As described above, according to the present invention,
When only one piece of multiplexed information is demodulated, it is possible to use the PSK receiving method with high power supply efficiency, and it is possible to extend the operation time when the battery is driven. If applied to the field of disaster prevention radio, in which loudspeaker broadcasting and text information transmission are performed in one base station device-to-multipoint communication, the base station can transmit loudspeaker broadcasting (16
QAM) and character information (4PSK) with a small amount of information can be multiplex-transmitted, and a receiver (4PSK receiver) that receives only character information can be a battery-powered portable device.

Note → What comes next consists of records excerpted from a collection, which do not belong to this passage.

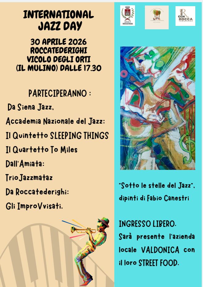 L'associazione Paesaggi Culturali, in occasione della Giornata Internazionale del Jazz che si celebra il 30 aprile di ogni anno, dopo la positiva esperienza dello scorso anno, che in un solo giorno, riuscì a riunire 8 musicisti per un’esibizione davanti ad un folto pubblico, quest’anno rilancia e ripete l’esperienza con un numero maggiore di artisti di livello nazionale ed internazionale nel borgo di Roccatederighi.
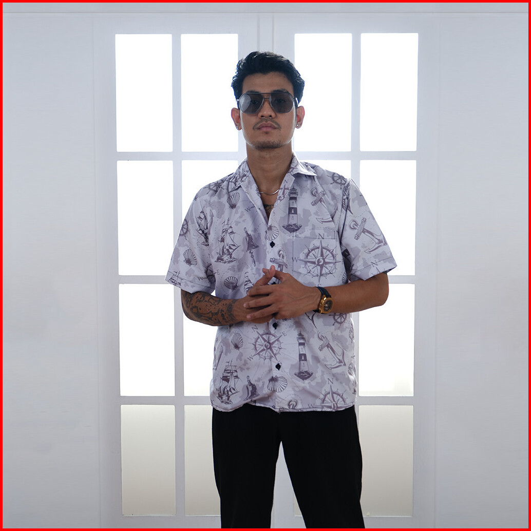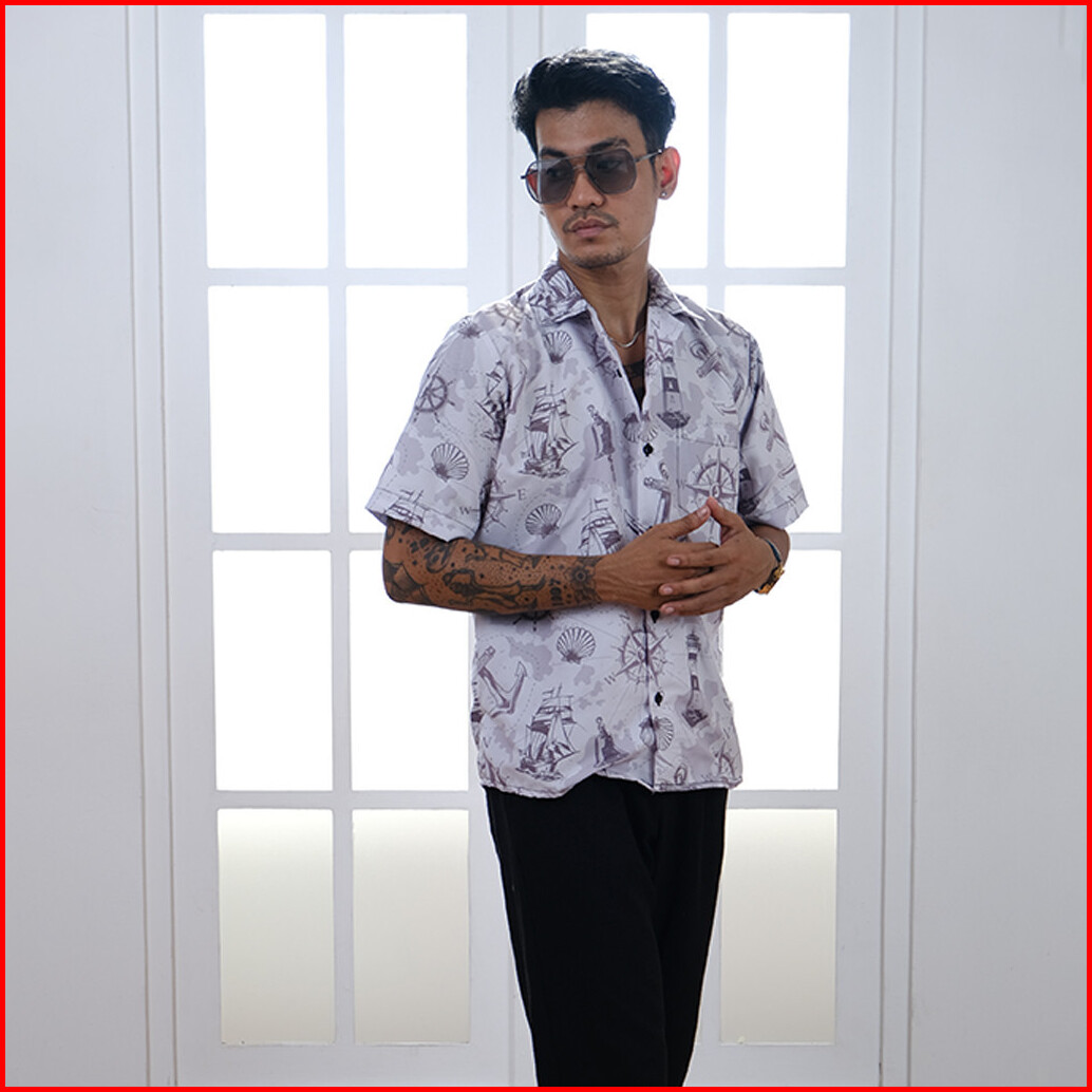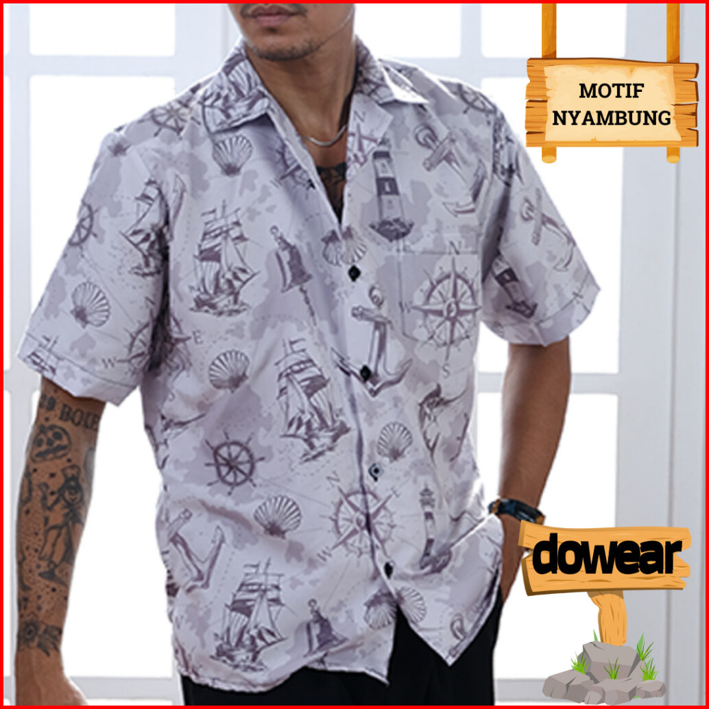 Dowear Baju Kemeja Motif Kekinian Cowok Cewek Bali Pantai Surfing Hawai Jumbo Vintage Grey Ship 130
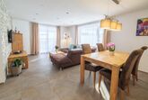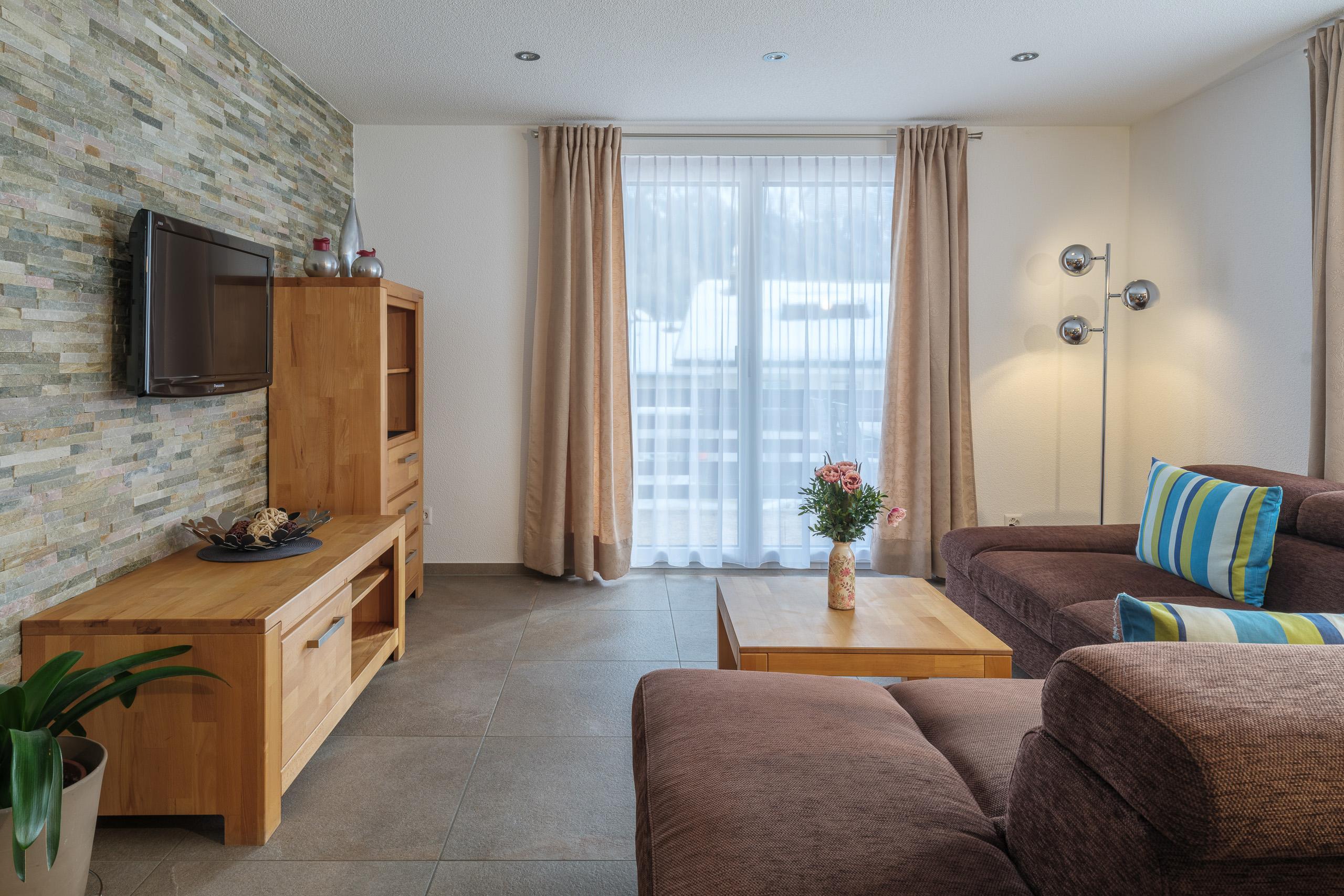 3-Zimmerwohnung, neu renoviert: Offene Küche mit Geschirrspüler, Wohnzimmer, TV, Radio, gratis W-LAN, 2 Schlafzimmer mit je 2 Betten (90 x 200cm), Dusche/WC, 2 x Südbalkon, Rasenplatz.

Can receive loudspeaker broadcasts and text information during normal operation (16QAM), and in battery operation in the event of a power outage due to a disaster or the like, it is possible to extend the operation time by switching to a PSK receiver that receives only text information and consumes less power. it can.

[Brief description of the drawings]

FIG. 1 is a configuration explanatory view showing an embodiment of the present invention.

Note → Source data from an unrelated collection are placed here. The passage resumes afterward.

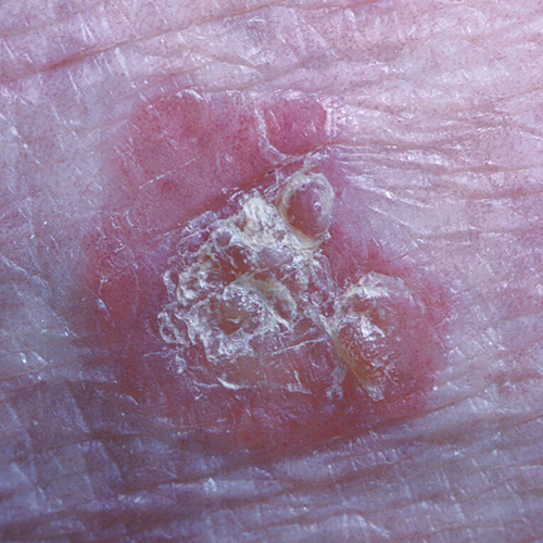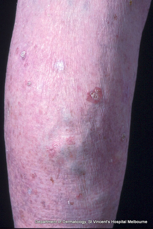 Squamous cell carcinoma (SCC) in situ (also known as intraepidermal carcinoma or Bowen disease) presents as a slowly expanding, well-demarcated, erythematous scaly plaque—it can be mistaken for psoriasis or dermatitis. SCC in situ is usually asymptomatic, but can ulcerate or bleed. It can occur anywhere, but most commonly in sun-exposed areas, especially the lower legs. See here for photos of SCC in situ.
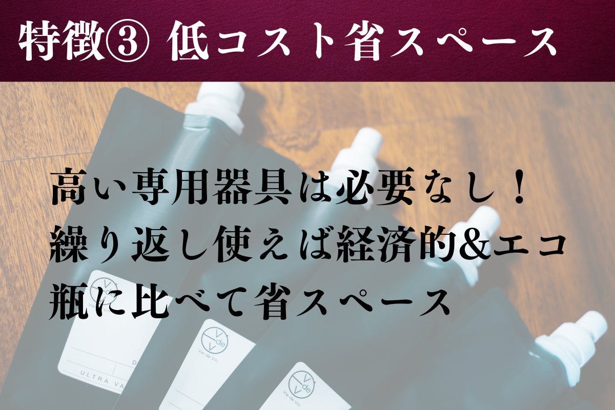 繰り返し利用すれば、低コストでワインを保存することが可能です。また保管のスペースにも困ることがありません。
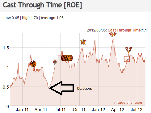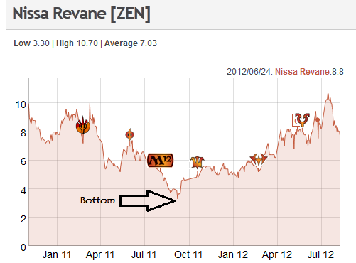 This chart is more typical of a junk mythic, and the bottom occurs much earlier in the year in mid-April. Once again, though, if you had bought during Innistrad release events, you still would have enjoyed a tidy profit by the turn of the calendar year.
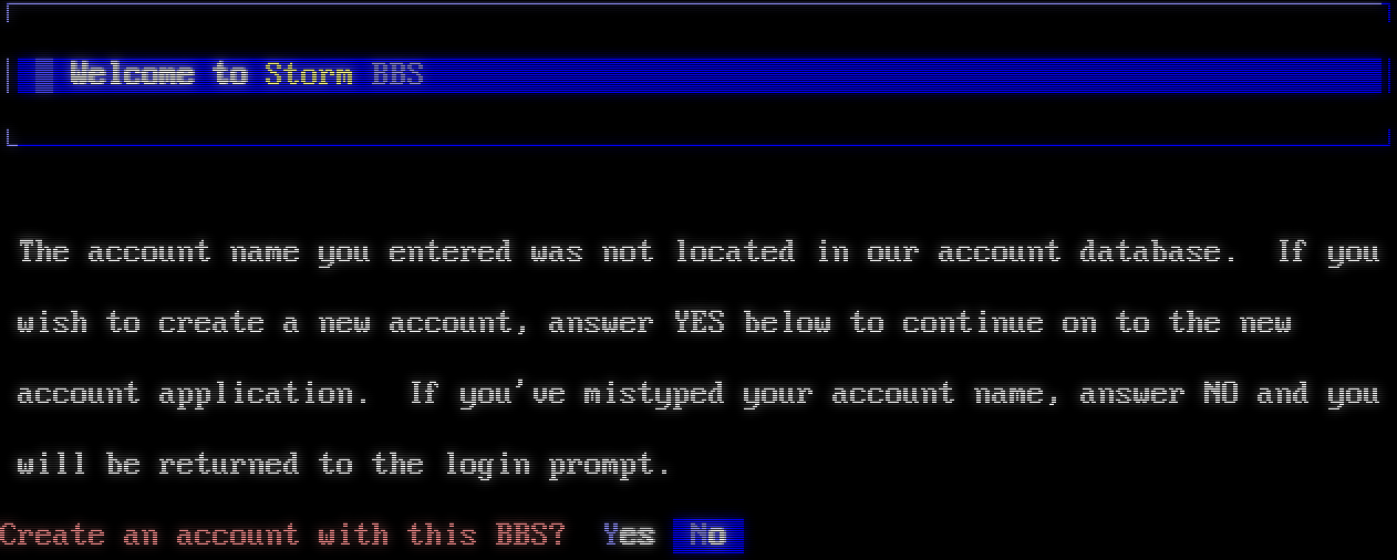 Mystic BBS Version 1.12 A48 Copyright (C) 1997-2023 By James Coyle Detecting terminal emulation: ANSI detected. ░░░░░░░░█░░░░░░░░░░░░░░░░░░░░░░░░░░░░░░░░░░░░░░░░░░░░░░░░█░░░░░░░░░░▓█░░░░░░░░░ ░░░░░░░░█░███░░░░░░░░░░░░░░░░░░░░░░░░░░░░░░░░░░░░░░░██░░██░░░░░░░░░░░█░░░░░░░░░ ░░░░░░░░░█░░░█░░░░░░░░░░░░░░░░░░░░░░░░░░░░░░░░░░░░██░░██░░░░░░░░░░░░░█░░░▒░░░░░ ░░░░░░░▀▀▀▀▀░░▀▀▀▀▀▀▀▀░░ ▀▀▀▀▀░░░▀▀▀▀▀▀░░▀▀▀░░░▀▀▀░▒▒██████▄░██████▄█▄█████▄░░░ ░░░░░░▀▀░░░░░░░░░▀▀░░░░░▀▀░░░▀▀░░▀▀░░░▀▀░▀▀▀▀░▀▀▀▀▒░░██▄▄▄█▀░██▄▄▄█▀ ██▄▄▄▄░░░░ ░░░░░░░▀▀▀▀▀█░▒░░▀▀░░░░▀▀▀░░░▀▀▀░▀▀▀▀▀▀░░▀▀░▀▀▀░▀▀░ ░██▀▀▀██░██▀▀▀██░ ▀▀▀▀██░░░ ░░░░░░░░░░░▀▀░░░░▀▀░░░░░▀▀░░░▀▀░░▀▀░░▀▀░░▀▀░░▀░░▀▀░▒░██████▀░██████▀░▀█████▀░░░ ░░░░░░▀▀▀▀▀▀░░░░░▀▀▓░░░░░▀▀▀▀▀░░░▀▀░░░▀▀░▀▀░░░█░▀▀░░░░░░░█░▒░░███░░░░░░░░░░░░░░ ░░░░░░░░░░░░░░░██▓███░░░░░░░░░░░░░░░░░░░░░░░░█░░█░░░░░░░░█▒▒██▒▒█░░░▒▒░░░░░░░░░ ░░░░░░░░░░▒▒░▒█░░░░░████░░░░░░░░░██░█▒███▒███░░░░█░░░░░░░░██░█░▓▒█▒▒▒▒░░░░░░░░░ ░░░░░░░░▓▓▒▒▒█▒░░░░░░░█░░░░░░░░░░▓██░█▒▒██▓▓░░░░░░█▓░░░░░░█░▓█▒▒▒▓█▓▓▓░░░░░░░░░ ─────────────────────────────────────────────────────────────────────────────── Welcome to Storm BBS ─────────────────────────────────────────────────────────────────────────────── [■] Enter your user name: ┌─────────────────────────────────────────────────────────────────────────────┐ │ ▒ Welcome to Storm BBS │ └─────────────────────────────────────────────────────────────────────────────┘ The account name you entered was not located in our account database. If you wish to create a new account, answer YES below to continue on to the new account application. If you've mistyped your account name, answer NO and you will be returned to the login prompt. Create an account with this BBS? Yes No
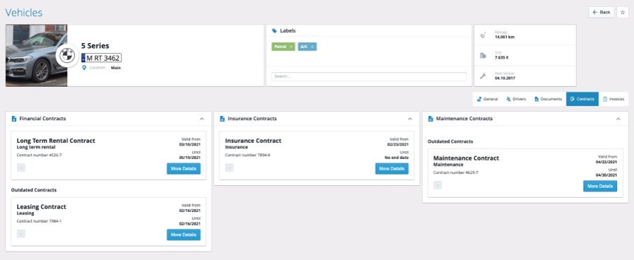 Contract information is now conveniently available within the digital vehicle file. This provides a clear overview of the active and past contracts of every vehicle.

FIG. 2 is an explanatory diagram showing a configuration of a frame to be multiplexed according to the embodiment of the present invention.

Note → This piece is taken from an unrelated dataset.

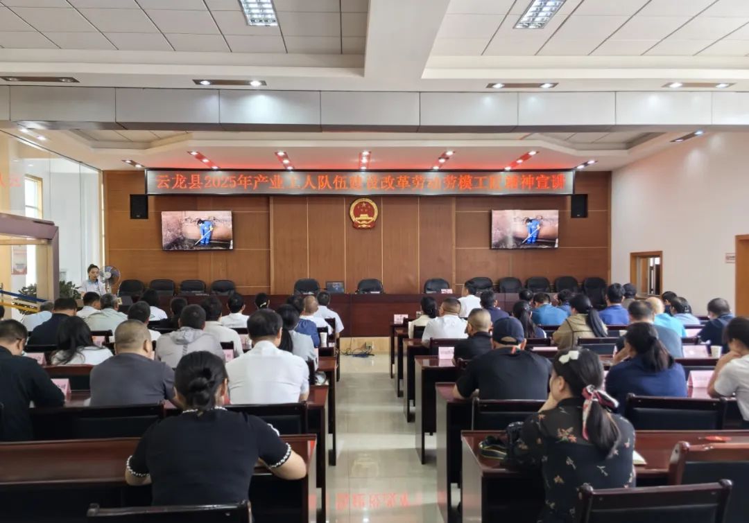 为大力弘扬劳模精神、劳动精神、工匠精神,发挥先进典型示范引领作用,激发广大干部职工干事创业热情,6月19日,云龙县总工会邀请“全国劳动模范”李春喜和宣讲团成员走进云龙,开展了一场感人至深、催人奋进的宣讲活动。县人大常委会和县总工会全体干部职工、县住建局和县商务局负责同志、各乡镇联合工会(总工会)主席、县内重点规上民营企业职工代表、先进产业工人代表等齐聚一堂,共同聆听劳模故事,感受全国劳动模范李春喜扎根基层、无私奉献的精神品格,汲取奋进力量。

FIG. 3 is an explanatory diagram showing a symbol point arrangement of 16QAM and 4PSK located on a carrier phase plane of a modulated wave according to the embodiment of the present invention.

FIG. 4 is a configuration explanatory view showing a conventional communication system.

[Explanation of symbols]

 DESCRIPTION OF SYMBOLS 1 Transmitting apparatus 2 Multiplexed signal generating apparatus 3 Serial / parallel converter 4 Quadrature modulator 5 Terminal for inputting first information 6 Terminal for inputting second information 7 Transmitting antenna 8 First receiving antenna 9 Linear amplifier 10 QAM Demodulator 11 First parallel / serial converter 12 First multiplexed signal separator 13 First QAM receiver 14 Terminal for outputting first information 15 First terminal for outputting second information 16 Second Reception antenna 17 nonlinear amplifier 18 PSK demodulator 19 second parallel / serial converter 20 PSK receiver 21 second terminal for outputting second information 22 second QAM receiver 23 second multiplex signal separator 24 Third terminal for outputting second information

Claims (1)

[Claims] 1. A multi-level QAM (Quadrative Amplifier) by using a single symbol clock that continuously connects first information having a large amount of information and second information having a small amount of information.
a QAM receiving apparatus comprising: a transmitting apparatus that transmits an e-modulated multi-level QAM signal; a QAM receiving apparatus including a linear amplifier and a QAM demodulating apparatus that demodulate the multi-level QAM signal to extract the first information and the second information. , To extract only the second information, a multi-phase PSK (Phas
e-Shift Keying) A communication method including a non-linear amplifier for demodulating a signal and a PSK receiving device including a PSK demodulating device, wherein the second information is synchronized with a symbol clock at a predetermined period as multi-level QAM. Are arranged on the symbol arrangement of the multi-level QAM and on the symbol arrangement of the multi-phase PSK, and the first information is converted to the multi-level QAM at a symbol clock timing other than the cycle of the symbol clock for transmitting the second information. A communication system characterized in that a modulated signal is generated and modulated so as to be arranged at a position on a symbol arrangement.